直葬のメリットは近親者のみで行えるのでプライバシーが比較的守られることと、葬儀の費用が安いことです。直葬の費用はおおよそ18万円から30万円ほどだと言われています。ただしご遺体の搬送料やスタッフの手数料、安置施設や火葬場の使用料、棺や花、ドライアイスなどの道具類にかかる料金が含まれていないことがあるので確認が必要でしょう。
近年は近親者だけで葬儀を済ませる家や、故人が生前に簡素な葬儀を望むことも多く、直葬の希望が増えています。
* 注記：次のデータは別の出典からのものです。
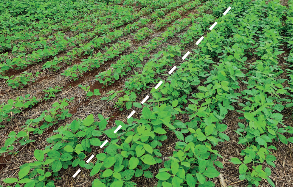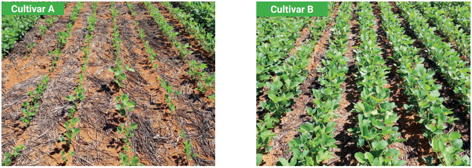 Figura 1. À esquerda, plantas de soja com clorose e de menor porte. Esses sintomas de fitotoxicidade são característicos da aplicação de herbicidas inibidores da ALS, como o imazetapir, no dia da semeadura da soja.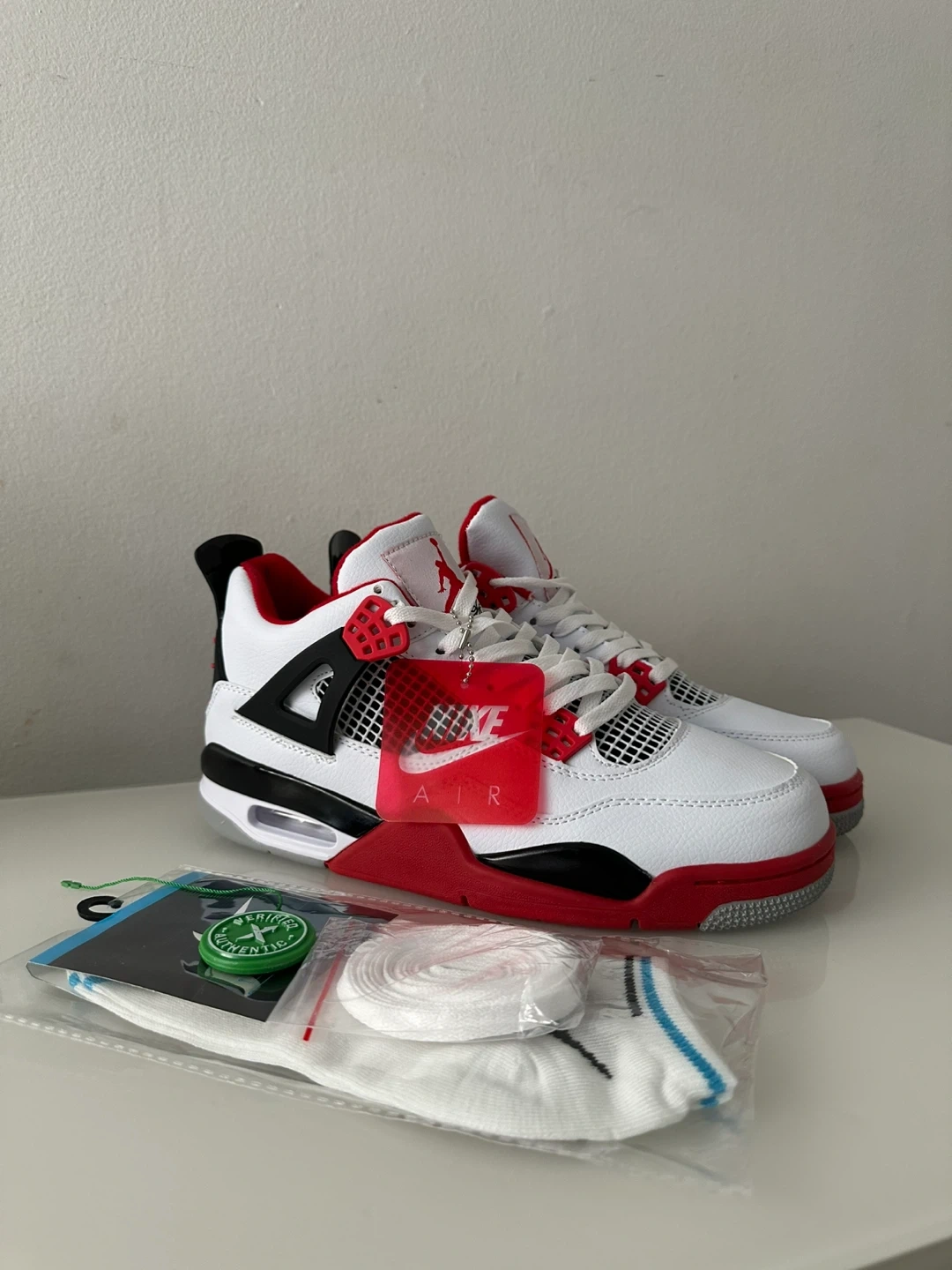 Up for grabs are a pair of Air Jordan 4 Retro White Red Black Men's Shoes. They feature a clean white base with red and black accents-perfect for sneakerheads or anyone looking for a stylish everyday shoe.

しかし直葬を望む家庭であっても、いざ葬儀社との打ち合わせになると「他の家はどうしているのか」と直葬に対する戸惑いが出てくることがあるようです。このように遺族側が心の整理をするのに時間がかかったり、周囲の理解を得ることに負担を覚えることは直葬のデメリットでもあります。また菩提寺の方針によっては、通夜や葬儀を寺で行わないことで納骨を断る場合もあるでしょう。また葬儀に参列できなかった人が後からやってくるなど、直葬後に人間関係のトラブルが全くないとは言えません。
しかし直葬はここ数年で飛躍的に増えています。葬儀社によってはローンやコンビニでの後払いができるプランもあり、現実に即した葬儀の形と言えるでしょう。
直葬の豆知識:戒名は後からネット注文でつけられる?
直葬だと戒名がない、つけられないという話を時々聞くことがありますが、その話はほとんど嘘です。結論から言うと戒名は葬儀が終わってからでもつけることが可能です。もちろん火葬だけの直葬においても同じです。一般的に戒名は菩提寺の僧侶がつけることが多いですが、直葬のプランによっては火葬場でお経をあげてくれる僧侶と戒名がセットでついてくるものもあります。その分追加料金がかかるケースがありますが、直葬だから戒名がつかないということは全くありません。
近年は戒名をつけない、自分でつける、死後ではなく生前に決めるなど選択肢が多様になっています。本来なら菩提寺の住職などがつけることが多かった戒名ですが、戒名料の金額が不鮮明なうえに相場は30万から100万円以上だと言われたこともあり、これまでの伝統に替わるサービスが出始めました。なかでも驚くのはインターネットから戒名を注文できるサイトです。とあるサイトでは宗派を問わず、3万円程度からつけることができるようです。
とはいえ全く自由に好きな戒名をつけるのは考え物です。戒名は故人があの世で過ごすための新しい名前です。戒名がないと「名無し」とあの世で嫌がらせを受けると信じられた時代もありました。特に「居士」「信女」といった位号には故人の享年、宗派、寺や地域への貢献度などによって異なるルールやランク付けがあります。戒名はあまり背伸びせず、先祖に合わせるくらいがあの世でもいざこざがないと言われており、名づけは死後も慎重にする必要がありそうです。